WHAT TO PRODUCE: Within the lines below, the span from the line with "- for Airpod Case Cover tropical leaf flower" to the line with "まずは、「ピザまん」「カレー", both ends included, is to be reproduced exactly, with pictures omitted.

DATA PROVIDED:
********
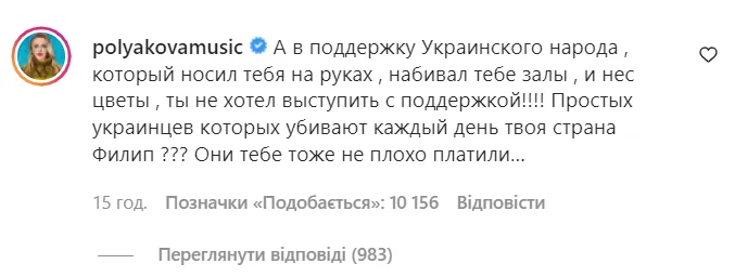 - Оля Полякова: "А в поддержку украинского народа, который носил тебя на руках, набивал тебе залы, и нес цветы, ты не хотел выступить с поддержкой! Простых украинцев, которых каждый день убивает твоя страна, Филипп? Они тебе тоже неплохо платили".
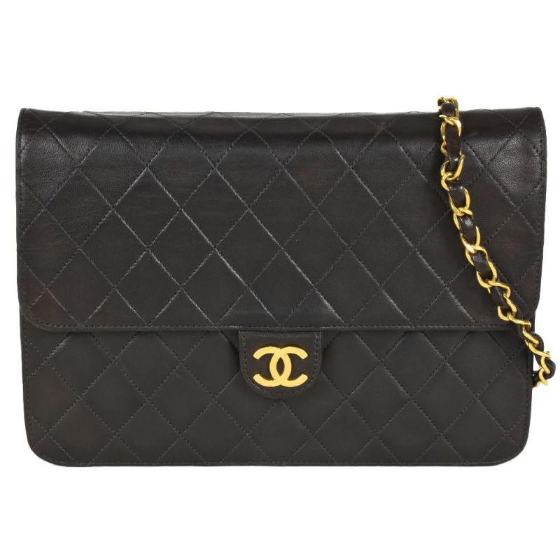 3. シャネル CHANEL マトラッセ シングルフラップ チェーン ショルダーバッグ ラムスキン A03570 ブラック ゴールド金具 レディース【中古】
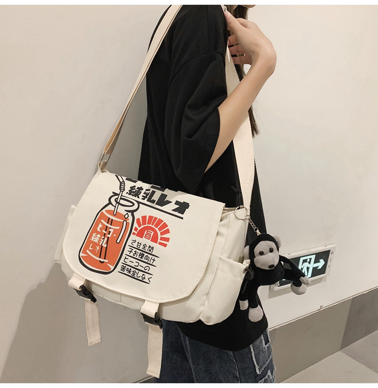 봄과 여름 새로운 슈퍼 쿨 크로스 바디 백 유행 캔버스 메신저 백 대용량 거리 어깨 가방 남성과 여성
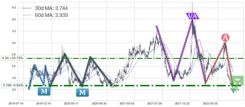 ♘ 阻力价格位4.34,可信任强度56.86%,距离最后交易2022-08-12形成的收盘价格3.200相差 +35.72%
********
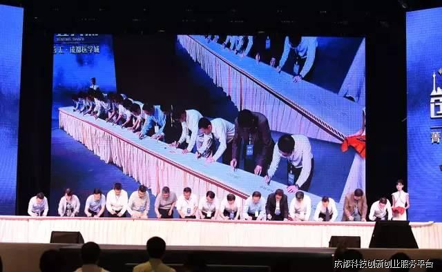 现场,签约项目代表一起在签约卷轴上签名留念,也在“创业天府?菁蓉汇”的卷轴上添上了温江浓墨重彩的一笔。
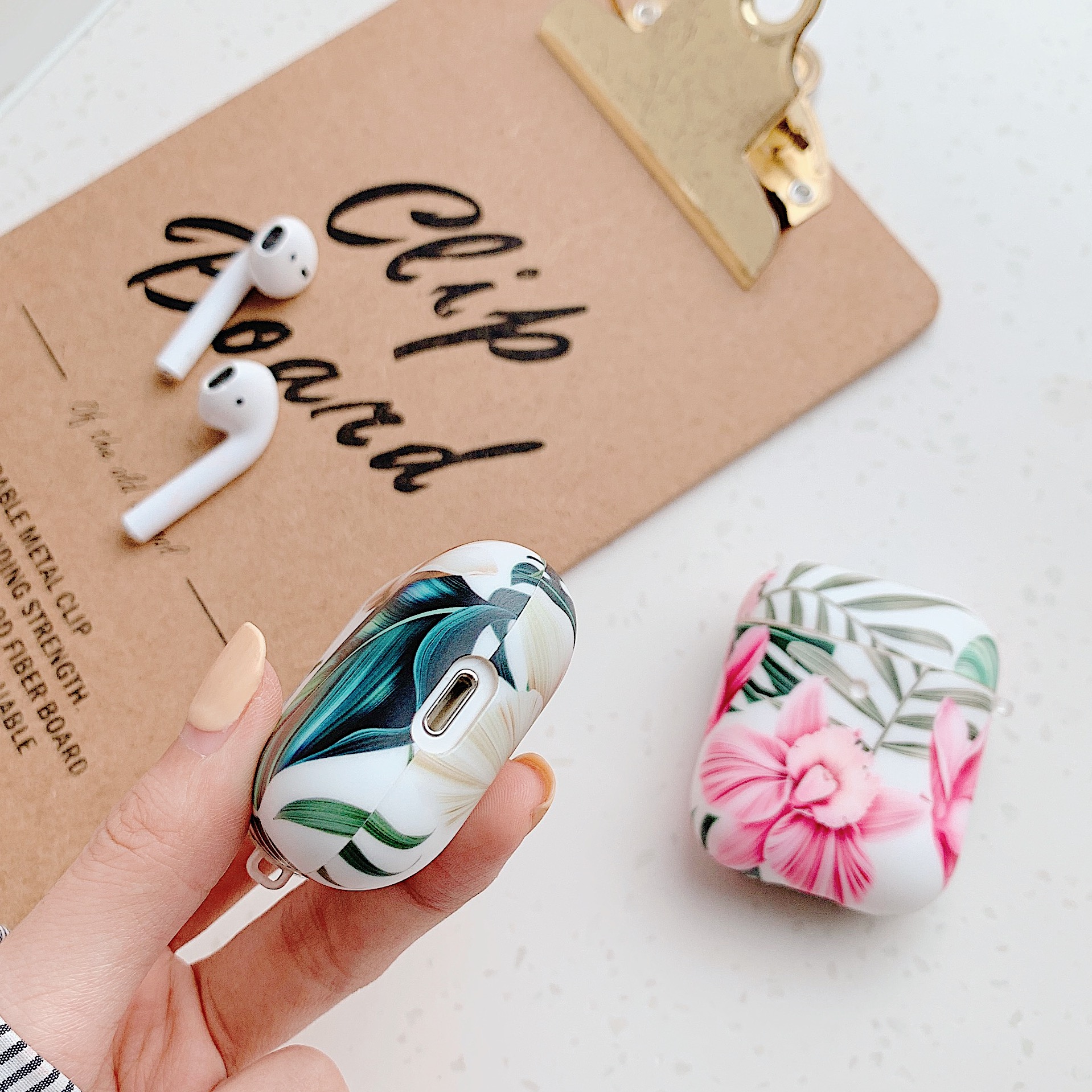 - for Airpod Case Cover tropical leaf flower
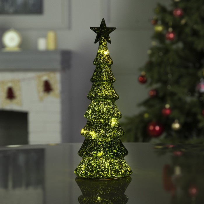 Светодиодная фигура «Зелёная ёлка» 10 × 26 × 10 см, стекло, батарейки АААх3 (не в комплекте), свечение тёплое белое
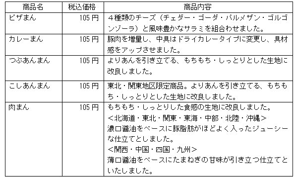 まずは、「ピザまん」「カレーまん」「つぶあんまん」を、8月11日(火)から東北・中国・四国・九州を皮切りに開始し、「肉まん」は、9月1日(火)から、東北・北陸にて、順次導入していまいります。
********
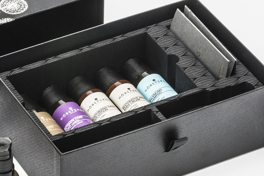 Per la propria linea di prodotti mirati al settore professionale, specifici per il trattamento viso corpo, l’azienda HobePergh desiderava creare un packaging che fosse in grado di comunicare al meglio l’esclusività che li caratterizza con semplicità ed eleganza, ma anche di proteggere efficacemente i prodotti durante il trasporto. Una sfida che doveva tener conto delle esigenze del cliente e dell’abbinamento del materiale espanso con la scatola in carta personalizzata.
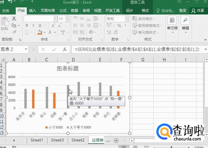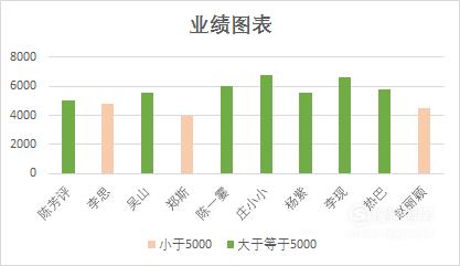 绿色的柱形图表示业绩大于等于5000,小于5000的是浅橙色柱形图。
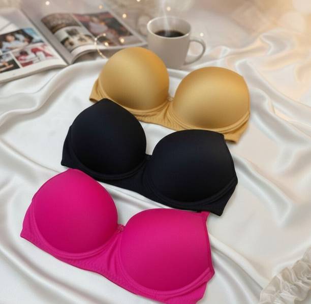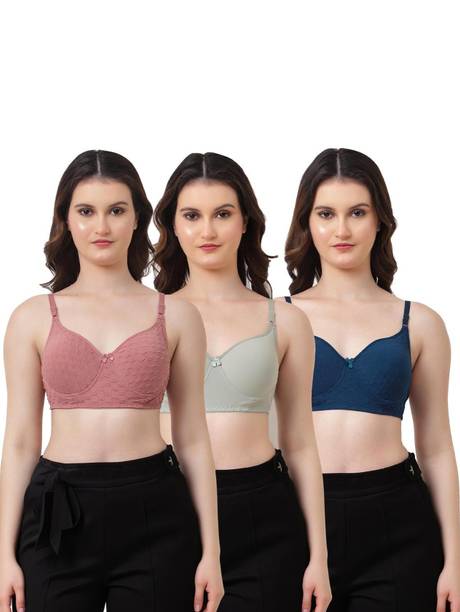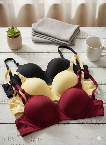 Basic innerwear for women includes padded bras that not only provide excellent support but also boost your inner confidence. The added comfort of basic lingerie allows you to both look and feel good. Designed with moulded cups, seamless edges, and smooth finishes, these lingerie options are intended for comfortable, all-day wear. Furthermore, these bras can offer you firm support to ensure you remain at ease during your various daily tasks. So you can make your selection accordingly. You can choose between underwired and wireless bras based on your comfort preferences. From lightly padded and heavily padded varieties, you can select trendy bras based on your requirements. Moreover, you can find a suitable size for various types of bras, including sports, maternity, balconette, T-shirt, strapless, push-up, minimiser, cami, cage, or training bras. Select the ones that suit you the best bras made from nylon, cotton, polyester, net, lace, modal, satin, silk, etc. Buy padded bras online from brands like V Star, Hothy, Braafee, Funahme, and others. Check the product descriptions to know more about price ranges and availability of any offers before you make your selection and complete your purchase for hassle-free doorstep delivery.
********
COMPLETED TASK:
 - for Airpod Case Cover tropical leaf flower
 Светодиодная фигура «Зелёная ёлка» 10 × 26 × 10 см, стекло, батарейки АААх3 (не в комплекте), свечение тёплое белое
 まずは、「ピザまん」「カレーまん」「つぶあんまん」を、8月11日(火)から東北・中国・四国・九州を皮切りに開始し、「肉まん」は、9月1日(火)から、東北・北陸にて、順次導入していまいります。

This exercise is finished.